A common mistake is having an expired token in environment variables that overrides a valid IAM role. Debug by printing the session's credentials method: `session.get_credentials().method` — it will say 'env', 'assume-role', 'iam-role', etc. If you see 'env' and expect 'iam-role', unset the env vars.
Default retry mode is 'legacy' with max_attempts=5. For throttling-sensitive APIs (DynamoDB, EC2), switch to 'adaptive' mode which uses client-side rate limiting. Example: `config = botocore.config.Config(retries={'max_attempts': 10, 'mode': 'adaptive'})`. This is especially important for Lambda functions that may retry on failure.
The error message 'reached max retries: 4' means the default retry policy exhausted. Check the Retry-After header in the response (available in `e.response['ResponseMetadata']['RetryAfter']`). Implement your own backoff with the `backoff` library: `@backoff.on_exception(backoff.expo, botocore.exceptions.ClientError, max_time=60)`.
EndpointConnectionError usually means DNS resolution failure or a firewall blocking the request. First, verify the region: the endpoint is `https://<service>.<region>.amazonaws.com`. Some services have global endpoints (e.g., `iam.amazonaws.com`). Use `curl -v https://s3.us-east-1.amazonaws.com` to test connectivity.
If you're in a VPC, ensure you have VPC endpoints configured for the service, or the Lambda function has a NAT gateway. Check the security group and NACL rules. Also, set the `AWS_STS_REGIONAL_ENDPOINTS` environment variable to 'regional' to avoid global endpoint issues.
ParamValidationError is raised before the API call is made. It catches type mismatches, missing required fields, and invalid enum values. For example, passing a string instead of a list for `s3.put_object_tagging(TagSet=...)` will fail. Use the AWS CLI to test the exact same parameters: `aws s3api put-object-tagging --bucket ... --key ... --tagging 'TagSet=[{Key=...,Value=...}]'`.
Another common issue is forgetting to convert datetime objects to the expected format. Use `datetime.isoformat()` or `boto3.utils.parse_to_epoch` for timestamps. Always check the API documentation for parameter types.
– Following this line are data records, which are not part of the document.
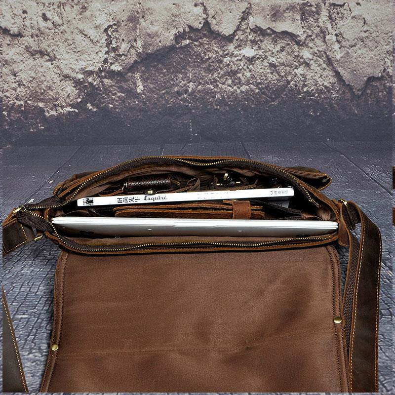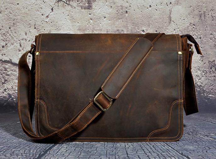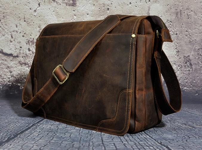 Style: Brown Leather Mens SIDE BAG COURIER BAG Messenger Bag Shoulder Bag for Men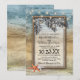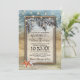 Convites de casamento de destino de praia com fundo de praia abstrato rústico, luzes cintilantes, estrela-do-mar, folhas de palmeira e modelo de texto de casamento moderno.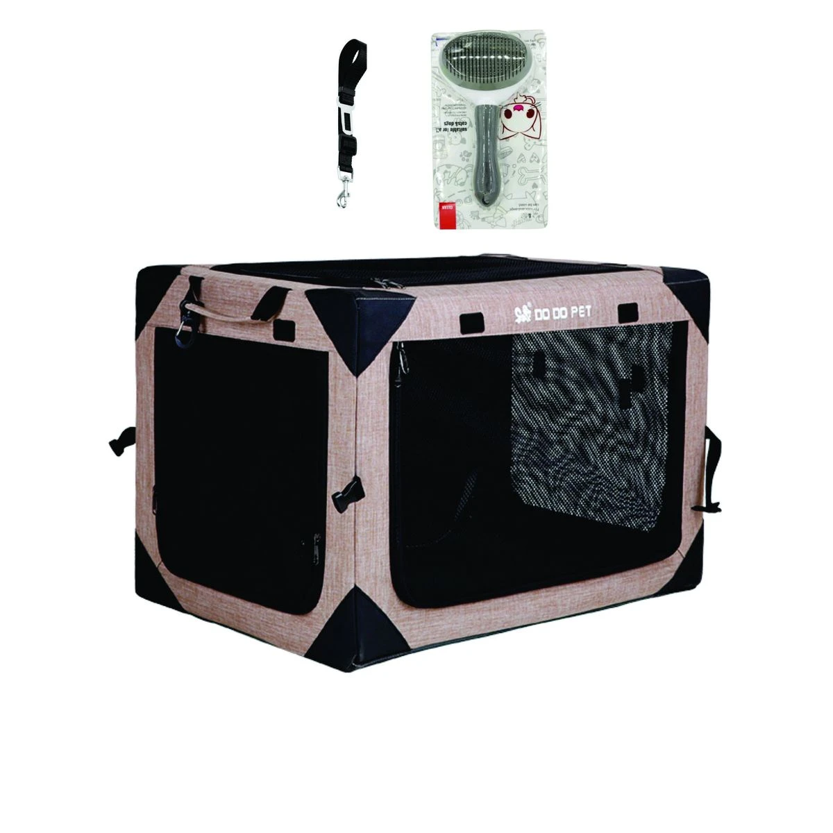The foldable dog crate is machine washable and very practical. The load capacity is 15 kg, but this does not mean that your 15 kg pet will fit. Please check the measurements to determine if your pet is enough to fit in. Foldable Soft Portable Dog Crate You just need to buckle or remove the two buckles to achieve installation and storage, fold up and down in seconds, no tools required. Sturdy Steel Frame & Durable The collapsible dog crate features a strong but lightweight steel tube design, which can be folded and unfolded in a snap, made of durable oxford fabric and high quality polyester, scratch resistant and well constructed. Four-sided mesh windows provide good ventilation and visibility, and ensure the pet does not have sultry heat. Comfortable pet delivery room with extended grid for observation and constant care. Grooming your pet can enhance mutual communication between you and your pet. Our pet brush is suitable for all breeds and coat types. With Depets dog and cat shedding brush, your beloved pet will enjoy the time of grooming. What's in the box 1 x Pet Carrier 1 x Harness Seat belt 1 x Cat Grooming Comb |

Frequently asked questions
What is the difference between AccessDenied and UnauthorizedOperation?
Both are ClientError with code 'AccessDenied' or 'UnauthorizedOperation'. 'AccessDenied' is more common and means the IAM policy explicitly denies or doesn't allow the action. 'UnauthorizedOperation' is used by some services (like EC2) for actions that require special authorization (e.g., purchasing reserved instances). The fix is the same: adjust the IAM policy.
How do I debug a 'NoCredentialsError' when running in Lambda?
In Lambda, the IAM role is automatically used. If you see NoCredentialsError, it means the environment variables AWS_ACCESS_KEY_ID etc. might be set to empty or incorrect values. Check the Lambda's execution role in the console. Also, ensure the Lambda has permissions to call STS to get the role's credentials. You can test by adding a dummy env var and seeing if it overrides the role.
Why does boto3 raise 'ThrottlingException' even with retries?
The default retry policy uses exponential backoff with jitter, but it stops after 5 attempts. If the API is still throttling after 5 retries (total time ~20 seconds), you'll see the error. Increase max_attempts or use adaptive mode. Also, check if you're hitting a service quota; request a limit increase if needed.
What should I do when I get 'EndpointConnectionError'?
First, verify the region name is correct. Some services like IAM and Route53 have global endpoints (us-east-1). Check if your network allows outbound HTTPS to AWS endpoints. If using VPC, ensure there's a VPC endpoint for the service, or a NAT gateway. Use `curl -v` to test connectivity from the same environment.
How can I test boto3 code without making real API calls?
Use the `moto` library to mock AWS services. For example, `pip install moto` and then use decorators like `@mock_s3` to simulate S3. This is useful for unit tests. However, moto may not support all services or edge cases, so always test against real AWS in a sandbox environment.